◆ Exercise description: With the pictures removed, please write out every line below exactly as given.

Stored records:
=== Begin Enclosure ===

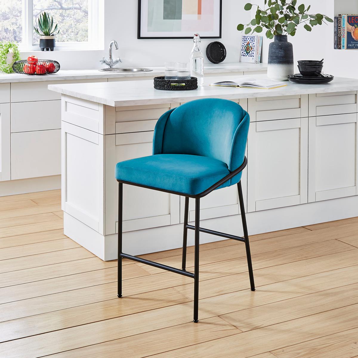 The Bobbi Barstool really stands out with its lush velvet finish and deep peacock hue, making it a great statement piece in both contemporary and eclectic interiors. I love its rich texture, which adds a luxurious touch without overwhelming the space. It works particularly well in kitchens and bar areas that have a touch of glamour or personalised character, but can also elevate a classic breakfast nook. To style it effectively, consider pairing with metallic accents or neutral surroundings to let the colour and plush fabric shine. Practical tip: keep the velvet looking its best by avoiding direct sunlight and regular gentle cleaning to maintain its colour and softness.
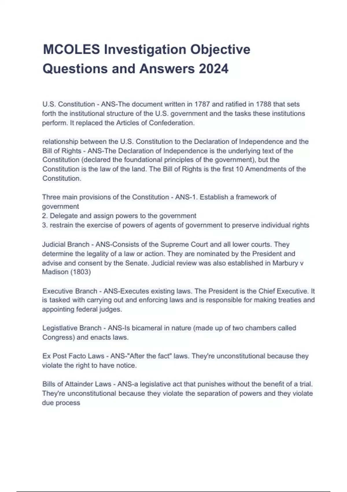 mcoles investigation objective questions and answe
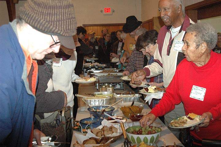 Those who attend are asked to contribute a dish for the meal, although no one will be turned away. Traditional, vegetarian and vegan dishes are welcome. Attendees will serve themselves buffet-style, then sit with others at long tables. Over the years, the Thanksgiving dinner has become a popular local event, where villagers mingle with old friends and make new ones.
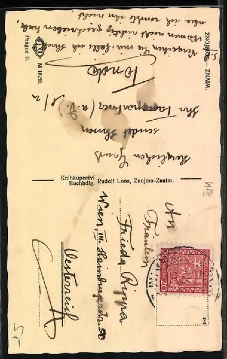 Personenbezogene Daten auf der Rückseite der Karte wurden durch blauen Textmarker unkenntlich gemacht. Die blauen Stellen sind auf die Vorderseite durchgeweicht und wirken sich negativ auf das Postkartenfoto aus
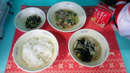 今日は、ごはんに乗せて一緒に食べる白みそ味の「豚丼」です。白みその「あま味」や「香り」を感じられ、豚肉によく合う味付けです。青ねぎの食感もよく、ごはんと一緒においしくいただきました。「すまし汁」は、透明で透き通っており、出汁のうまみをあじわって、おいしくいただきました。

=== End Enclosure ===

◆ Response:
 The Bobbi Barstool really stands out with its lush velvet finish and deep peacock hue, making it a great statement piece in both contemporary and eclectic interiors. I love its rich texture, which adds a luxurious touch without overwhelming the space. It works particularly well in kitchens and bar areas that have a touch of glamour or personalised character, but can also elevate a classic breakfast nook. To style it effectively, consider pairing with metallic accents or neutral surroundings to let the colour and plush fabric shine. Practical tip: keep the velvet looking its best by avoiding direct sunlight and regular gentle cleaning to maintain its colour and softness.
 mcoles investigation objective questions and answe
 Those who attend are asked to contribute a dish for the meal, although no one will be turned away. Traditional, vegetarian and vegan dishes are welcome. Attendees will serve themselves buffet-style, then sit with others at long tables. Over the years, the Thanksgiving dinner has become a popular local event, where villagers mingle with old friends and make new ones.
 Personenbezogene Daten auf der Rückseite der Karte wurden durch blauen Textmarker unkenntlich gemacht. Die blauen Stellen sind auf die Vorderseite durchgeweicht und wirken sich negativ auf das Postkartenfoto aus
 今日は、ごはんに乗せて一緒に食べる白みそ味の「豚丼」です。白みその「あま味」や「香り」を感じられ、豚肉によく合う味付けです。青ねぎの食感もよく、ごはんと一緒においしくいただきました。「すまし汁」は、透明で透き通っており、出汁のうまみをあじわって、おいしくいただきました。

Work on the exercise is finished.